To Tagore, she showed special respect. On August 20, 1917, she addressed Tagore thus: "Beloved World Poet...I hope to meet you this winter in Calcutta, meanwhile—to quote your own words, simple and immortal—'I touch by the edge of the far-spreading wing of my song thy feet, which I could never aspire to reach.'
" Her life was not a procession of tranquility or bliss. Her marriage broke down. Her daughters kept poor health. Leilamani, unmarried, died in 1959 at the age of 56. She was then a director in the Ministry of External Affairs and a holy terror. Padmaja lived to be 75 and was governor of West Bengal for 10 years. She was devoted to Jawaharlal Nehru.
Sarojini Naidu's love for Mohammad Ali Jinnah was openly proclaimed. She called him the ambassador of Hindu-Muslim unity in the 1910s and 1920s. On April 2, 1928, she wrote to M.C. Chagla, Jinnah's secretary at that time: "The Delhi Session was really Jinnah's session. His personality dominated both the issues in the Assembly and in the All Parties Conference. Never have I admired him more than now. What dignity and courage in the midst of suffering—what patience, persuasion, and real statesmanship he showed..."
Her letters from America to her family are full of praise for that country. "Through all the incredible tumult and turmoil of daily existence, I find the spirit of a vibrant and vital seeking, seeking, seeking for some truth, some realisation, finer and higher than the Old World has yet conceived or experienced..."
The editor deserves our gratitude for salvaging many of the letters published in this volume for the first time.
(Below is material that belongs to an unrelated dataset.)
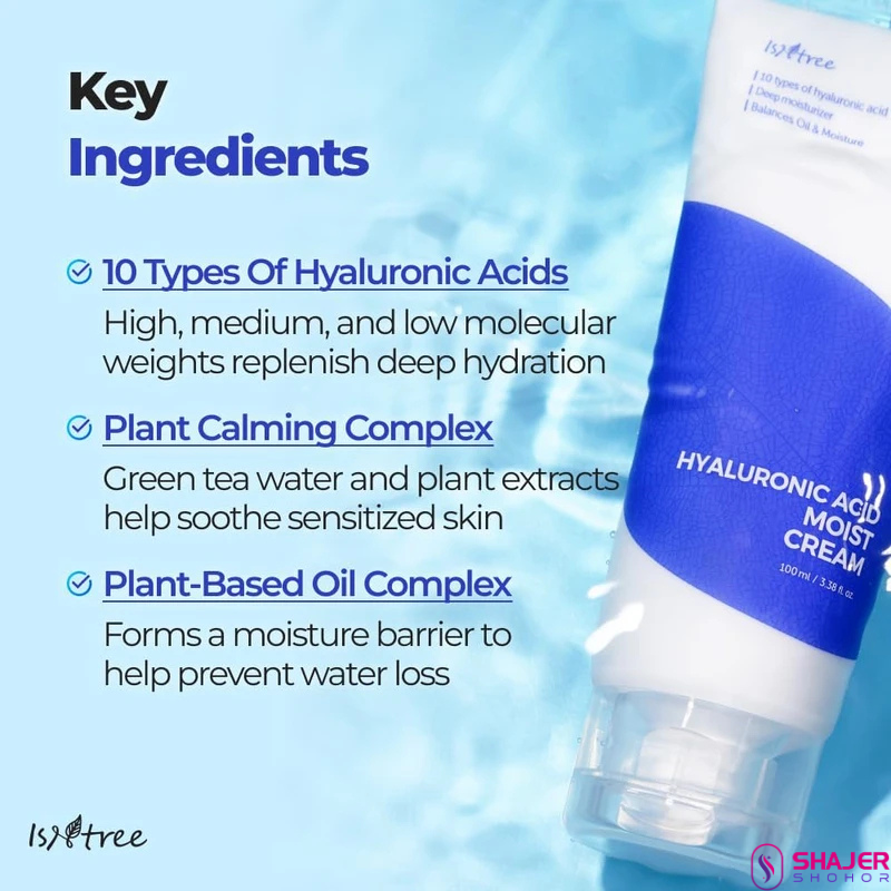 The Isntree Hyaluronic Acid Moist Cream is a highly effective skincare product designed to hydrate and improve the elasticity of the skin. The cream is infused with 5 different types of concentrated hyaluronic acids, which work together to provide intense hydration to the skin. Hyaluronic acid is a naturally occurring substance in the body that helps to retain moisture, and when applied topically, it can help to improve skin hydration and reduce the appearance of fine lines and wrinkles.

However, some of the facts and dates in several footnotes are not correct, on page 147 for example. There was no General Michael O'Dwyer at Jallianwala Bagh on April 13, 1919. The man who had 379 unarmed men shot in cold blood was Brigadier General Reginald Dyer. Michael O'Dwyer was the Lieutenant Governor of Punjab at that time. But these in no way detract from the value of this book, which brings out the essential qualities of Sarojini Naidu—the poet and the politician.